▸ Task to carry out
Could you report every line of the listing below that holds the word "data"?
(Information)
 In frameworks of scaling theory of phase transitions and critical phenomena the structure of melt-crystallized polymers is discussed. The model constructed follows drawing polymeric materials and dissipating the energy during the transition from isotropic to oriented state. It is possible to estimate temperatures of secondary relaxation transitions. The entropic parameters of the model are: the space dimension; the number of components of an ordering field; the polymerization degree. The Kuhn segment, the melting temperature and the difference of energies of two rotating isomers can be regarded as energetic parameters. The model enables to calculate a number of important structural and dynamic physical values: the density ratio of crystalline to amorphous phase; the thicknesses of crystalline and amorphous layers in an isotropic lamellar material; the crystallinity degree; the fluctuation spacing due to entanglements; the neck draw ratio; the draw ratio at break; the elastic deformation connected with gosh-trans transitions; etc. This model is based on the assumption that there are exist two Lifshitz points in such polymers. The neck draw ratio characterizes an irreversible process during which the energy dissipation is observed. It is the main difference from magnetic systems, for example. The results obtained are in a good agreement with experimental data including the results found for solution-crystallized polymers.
(End Information)
(Information)
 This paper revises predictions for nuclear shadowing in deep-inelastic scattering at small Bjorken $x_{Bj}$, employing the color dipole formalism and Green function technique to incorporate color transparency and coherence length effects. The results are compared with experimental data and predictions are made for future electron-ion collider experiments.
(End Information)
(Information)
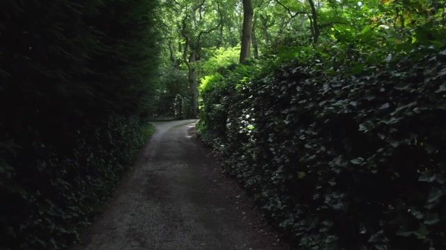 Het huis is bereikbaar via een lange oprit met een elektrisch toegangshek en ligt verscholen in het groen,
(End Information)
▸ Result for this exercise
 In frameworks of scaling theory of phase transitions and critical phenomena the structure of melt-crystallized polymers is discussed. The model constructed follows drawing polymeric materials and dissipating the energy during the transition from isotropic to oriented state. It is possible to estimate temperatures of secondary relaxation transitions. The entropic parameters of the model are: the space dimension; the number of components of an ordering field; the polymerization degree. The Kuhn segment, the melting temperature and the difference of energies of two rotating isomers can be regarded as energetic parameters. The model enables to calculate a number of important structural and dynamic physical values: the density ratio of crystalline to amorphous phase; the thicknesses of crystalline and amorphous layers in an isotropic lamellar material; the crystallinity degree; the fluctuation spacing due to entanglements; the neck draw ratio; the draw ratio at break; the elastic deformation connected with gosh-trans transitions; etc. This model is based on the assumption that there are exist two Lifshitz points in such polymers. The neck draw ratio characterizes an irreversible process during which the energy dissipation is observed. It is the main difference from magnetic systems, for example. The results obtained are in a good agreement with experimental data including the results found for solution-crystallized polymers.
 This paper revises predictions for nuclear shadowing in deep-inelastic scattering at small Bjorken $x_{Bj}$, employing the color dipole formalism and Green function technique to incorporate color transparency and coherence length effects. The results are compared with experimental data and predictions are made for future electron-ion collider experiments.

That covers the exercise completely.